Exercise prompt:
Pictures aside, quote the whole listing exactly.

Source material:
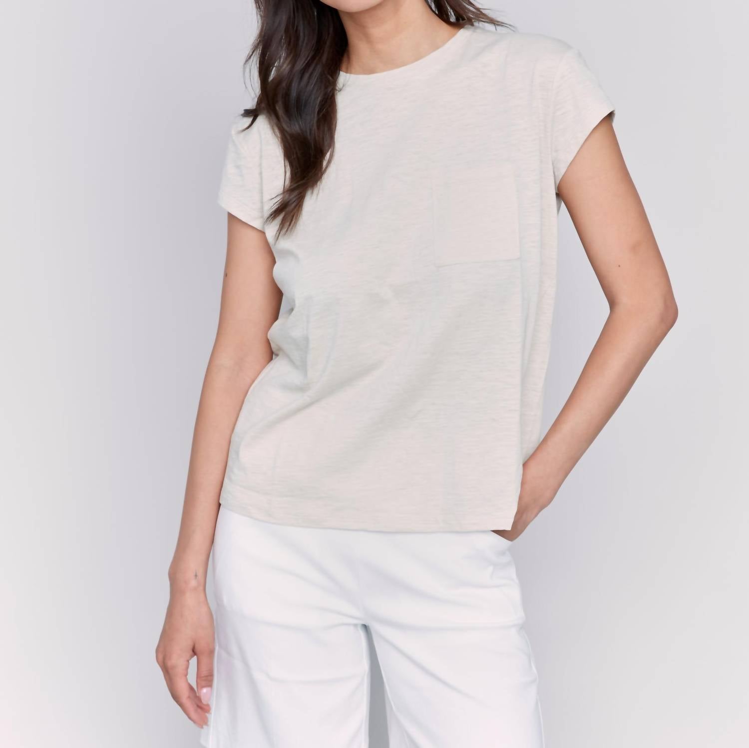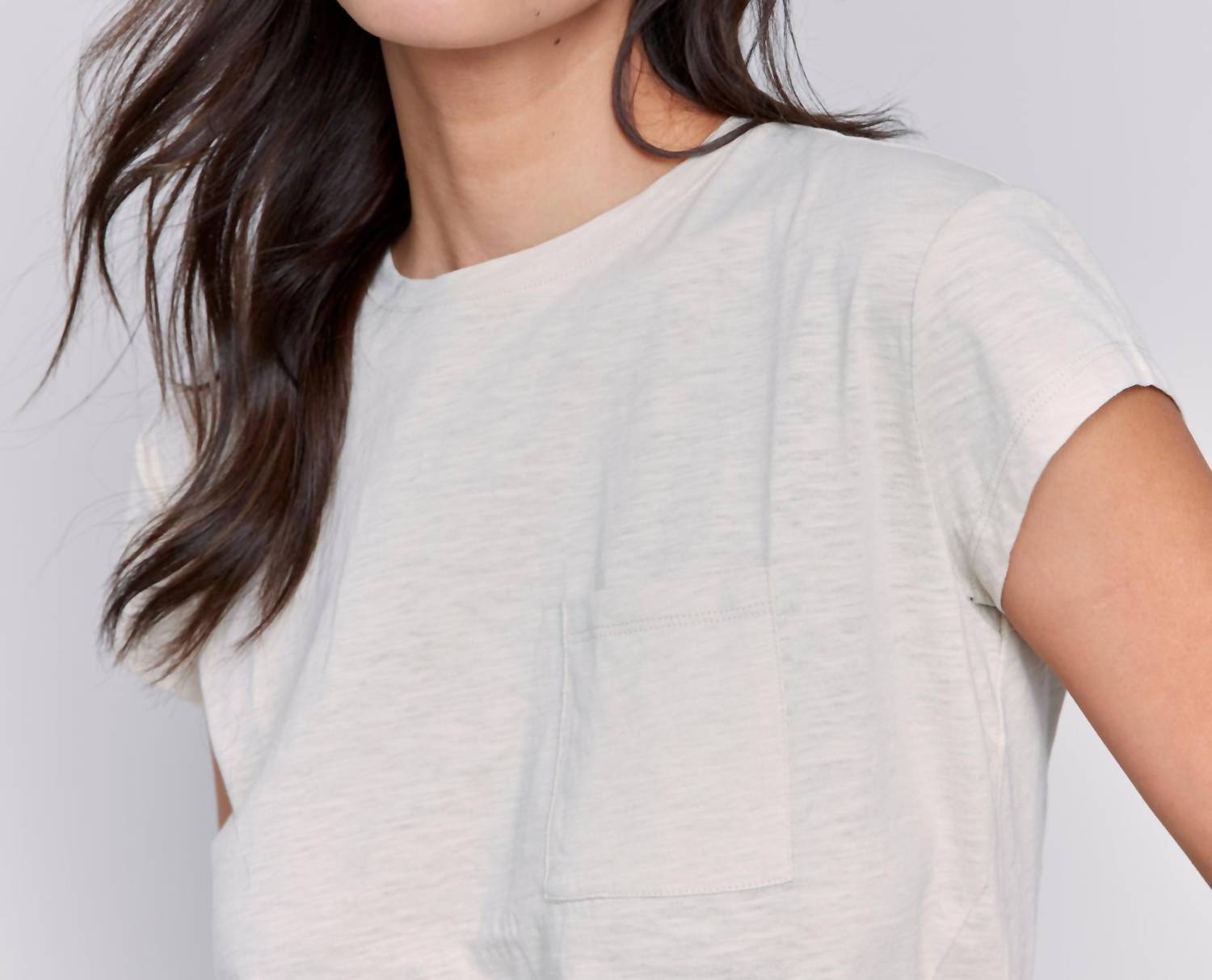 This classic, short sleeve tee will be your go-to staple this season and beyond. Meet the Cap Sleeve Tee with Chest Pocket Detail by CHARLIE B, an essential for minimalist and vacation wardrobes alike. This women's tee in a solid sand color features cap sleeves and a convenient chest pocket, perfect for those spring outings or Thanksgiving gatherings. Composed of 100% organic cotton, this tee offers supreme comfort with a garment length of 23 inches and a crewneck design. Closure: Pull on. Care: Hand wash in cold water, lay flat to dry, iron on low, and dry clean if necessary.
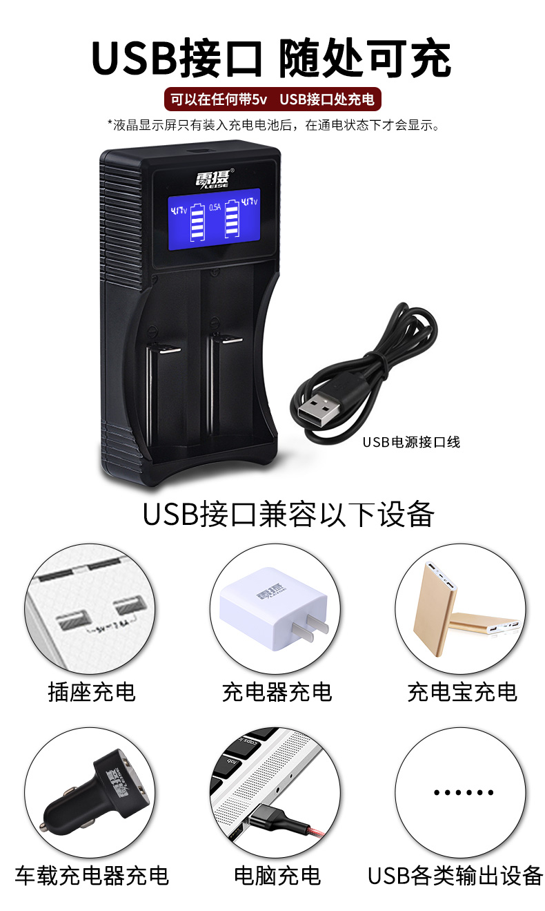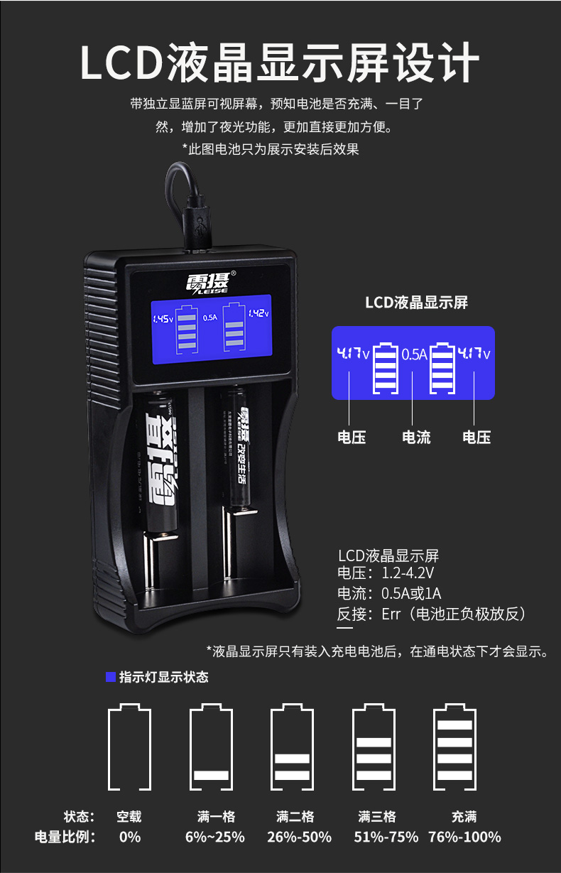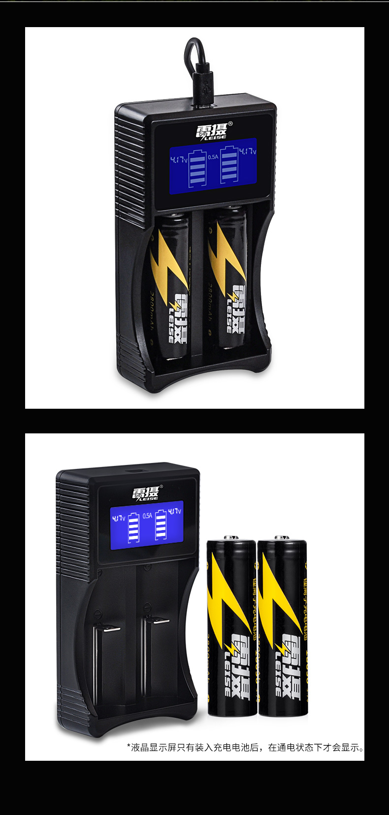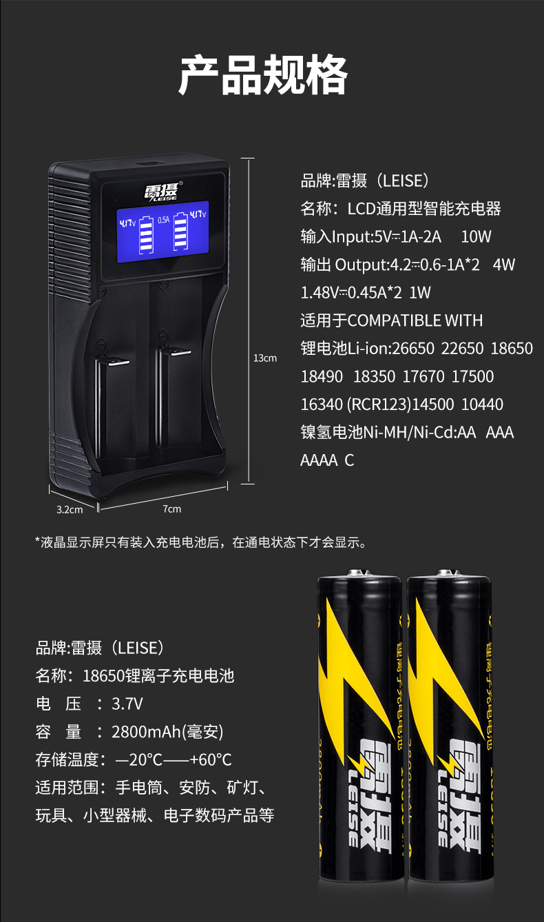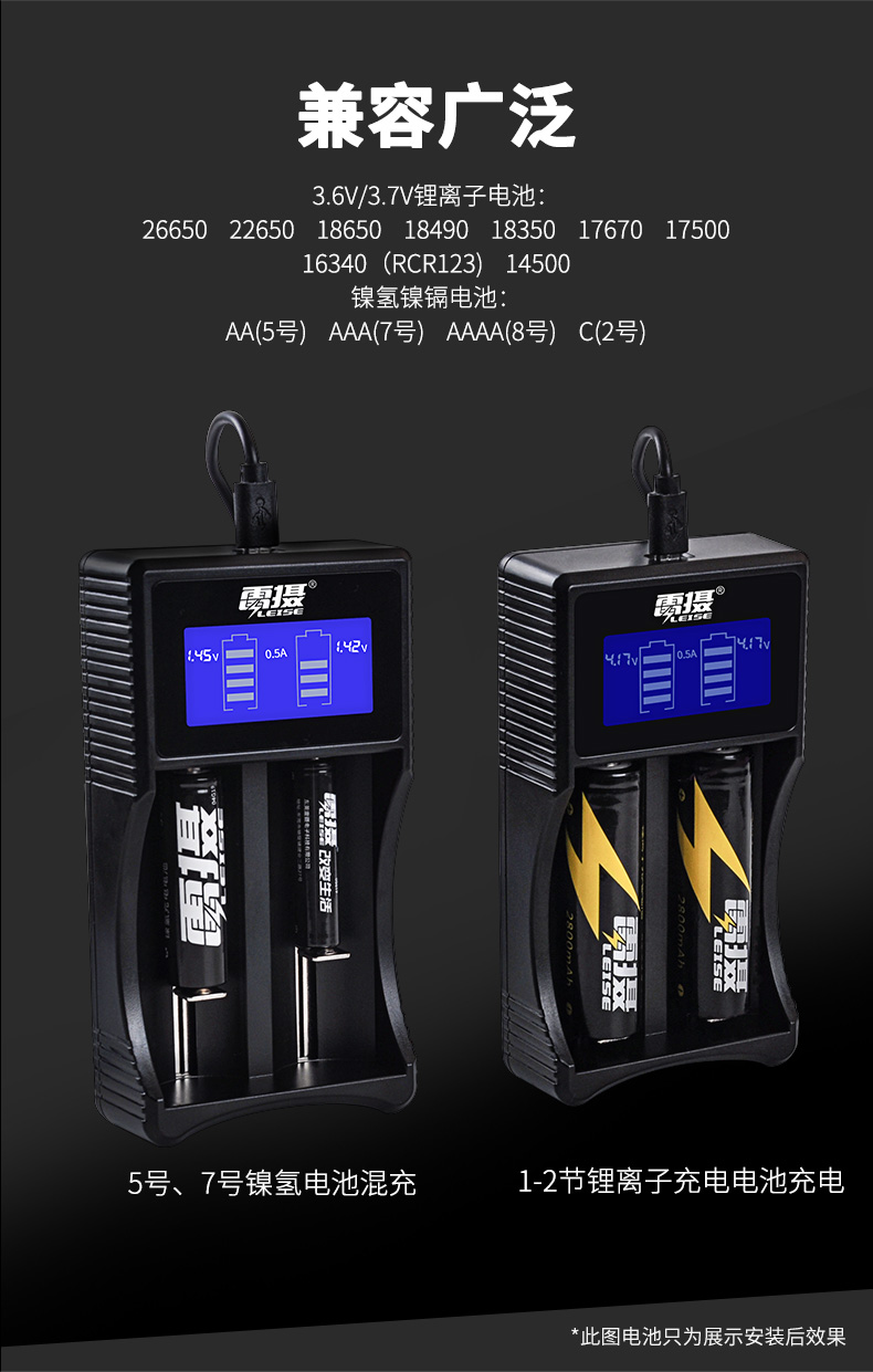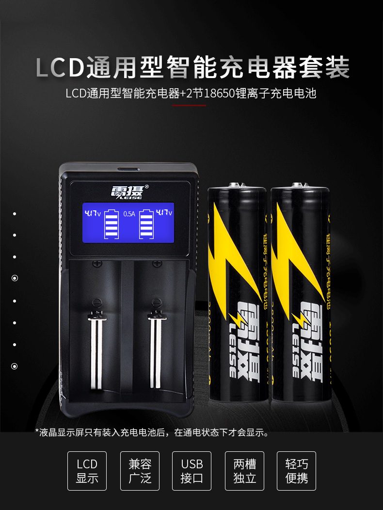 商品名称:雷摄 LEISE U218A两槽多功能锂电池充电套装(多功能充电器+2节2800mAh18650锂电电池)强光手电筒/头灯/航模 套 黑色
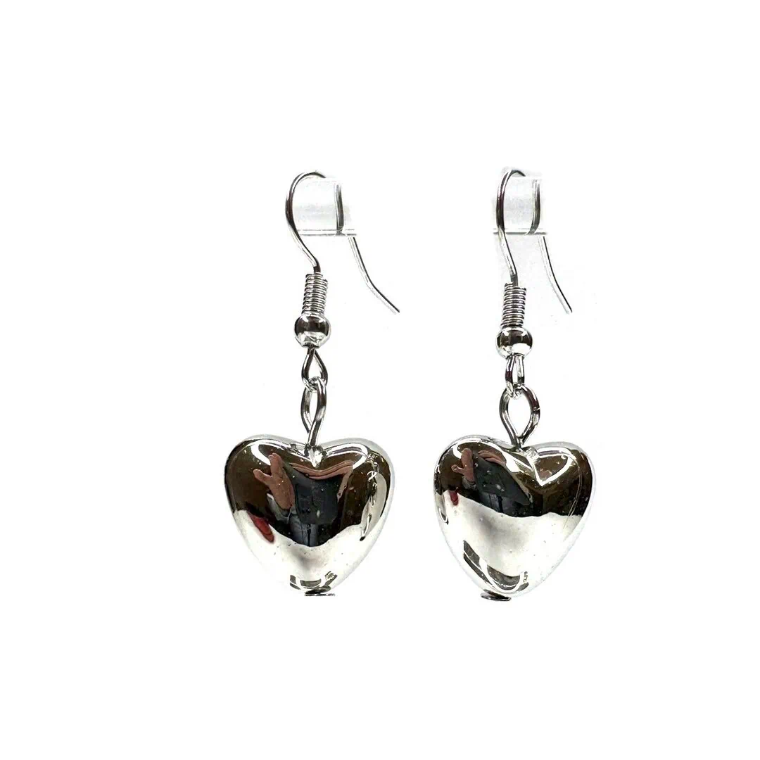 Orecchini san valentino realizzati con cuori 3d in variante oro o argento, disponibile anche il girocollo abbinato.

Completed exercise:
 This classic, short sleeve tee will be your go-to staple this season and beyond. Meet the Cap Sleeve Tee with Chest Pocket Detail by CHARLIE B, an essential for minimalist and vacation wardrobes alike. This women's tee in a solid sand color features cap sleeves and a convenient chest pocket, perfect for those spring outings or Thanksgiving gatherings. Composed of 100% organic cotton, this tee offers supreme comfort with a garment length of 23 inches and a crewneck design. Closure: Pull on. Care: Hand wash in cold water, lay flat to dry, iron on low, and dry clean if necessary.
 商品名称:雷摄 LEISE U218A两槽多功能锂电池充电套装(多功能充电器+2节2800mAh18650锂电电池)强光手电筒/头灯/航模 套 黑色
 Orecchini san valentino realizzati con cuori 3d in variante oro o argento, disponibile anche il girocollo abbinato.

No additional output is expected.